REPUBLIKA.CO.ID, JAKARTA -- Pengamat politik dari Lembaga Ilmu Pengetahuan Indonesi (LIPI) Firman Noor menjelaskan harus ada indikator yang jelas dan spesifik ketika Presiden Joko Widodo (Jokowi) ingin melakukan reshuffle kabinet. Indikator yang spesifik itu, lanjutnya, pasti berbeda di setiap kemeneterian.
"Indikiator, misalnya, apakah kementerian terkait sejalan atau tidak dengan rencana-rencana presdien," kata Firman pada Republika, Senin (20/4). Karena, tambanya, penafsiran para menteri terkait rencana presiden bisa saja cacat.
Firman menambahkan adanya wacana reshuffle ini juga menunjukan ketidaksabaran masyarakat pada pemerintahan.
"Seperti menteri yang hanya jalan di tempat," ungkapnya.
Sebelumnya, wacana akan adanya reshuffle Kabinet Kerja Joko Widodo semakin menguat. Ada empat nama mengemuka yang disebut akan menggantikan menteri lama yang dianggap tidak bisa bekerja dan tidak loyal kepada presiden.
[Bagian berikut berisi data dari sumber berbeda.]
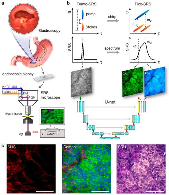 Liu et al. compared picosecond laser-based imaging with single-shot femtosecond SRS (Femto-SRS) and demonstrated that the methodology can reach maximal speed and accuracy by integrating with U-Net [85]. As shown in Figure 2, excised tissues from gastroscopic surger, were placed upon a glass slide and analyzed with an SRS microscope. The speciality of the work was that it could generate highly chemically precise Pico-SRS from Femto-SRS. The basic difference observed between Femto- and Pico-SRS methodologies was that the former, despite having the advantages of high speed and high SNR, is compromised by its weakness in chemical selectivity. While Femto-SRS casts single-shot single channel images, Pico-SRS takes raw images at two Raman frequencies (ω1 = 2845 cm−1 for CH2, ω2 = 2930 cm−1 for CH3) to extract lipid/protein distributions with very high compositional precision. An engineered U-Net was designed to take in the single channel Femto-SRS and split it up into a dual channel Pico-SRS, eliminating the need for complicated optical engineering or physical tuning of detection frequencies, thereby doubling the imaging speed at half of the laser power, while preserving the spatio-chemical information of the image. The U-Net consisted of convolutional layers with five down-sampling layers and five up-sampling layers and a pooling layer in each. Conversion efficiency was confirmed by cross-comparing with originally recorded Pico-SRS images using the same FOV (Figure 2b). As an aid, SHG was used to image collagen fibers. Multi-chemical imaging results of gastric tissues composed of lipid (green), protein (blue) and collagen fibers (red) from the output SRH can be observed in Figure 2c. The originally acquired picosecond SRS images were used as the ground truth for training the U-Net. After U-Net processing into dual-channel SRS images, chemical decomposition was implemented to output images of proteins and lipids by simple linear algebra, and collagen images were sourced from SHG.
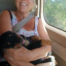 Josef hat eine richtig hübsche und liebe Rottweiler-Hündin.ππΆπ Von den drei noch verbliebenen Welpen suchte Micha sich den dicksten ππ und ruhigsten aus. Solch ein Hundewelpe ist aber auch einfach nur zum Knuddeln. Auf dem Rückweg kuschelte sich der Kleine ganz schläfrig in meine Arme...ππΆ Am liebsten hätte ich ihn gar nicht mehr hergegeben.
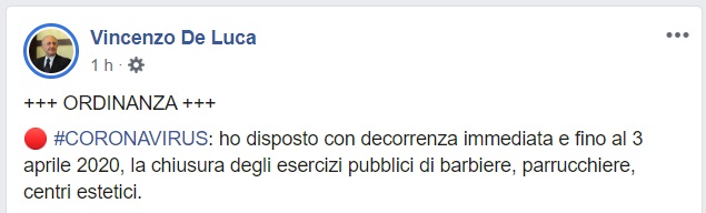 Ore 15. Pres. De Luca: "Chiusi barbieri, parrucchieri e centri estetici. I centri di riabilitazione invece..."
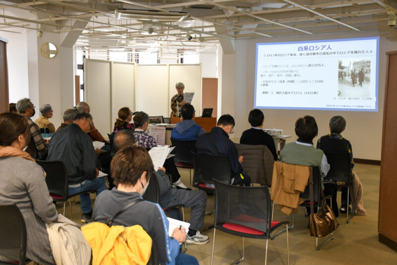 この日は「函館で生涯を終えたロシア人を通してみた20世紀前半の函館」をテーマに講演されました。
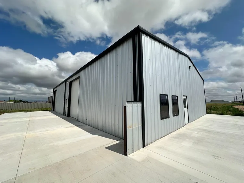 New construction insulated metal building (50ftx80ft) open span shell with bathroom and kitchenette. Can be used for automotive shop and other light industrial. Managed by owner. Two 12x16ft overhead doors. Concrete parking and access, small stack yard in rear fully fenced. On well and septic.

Reshuffle akan dilakukan bersamaan dengan penggantian pejabat Kepala Badan Intelijen Negara (BIN).
Ketua DPP Hanura, Dadang Rusdiana juga menilai, selama satu semester kepemimpinannya, sudah waktunya Jokowi memertimbangkan untuk merombak kabinetnya.
"Setelah 6 bulan ini, nampaknya Jokowi harus segera berpikir tentang reshufle kabinet," kata dia pada Republika, Ahad (19/4).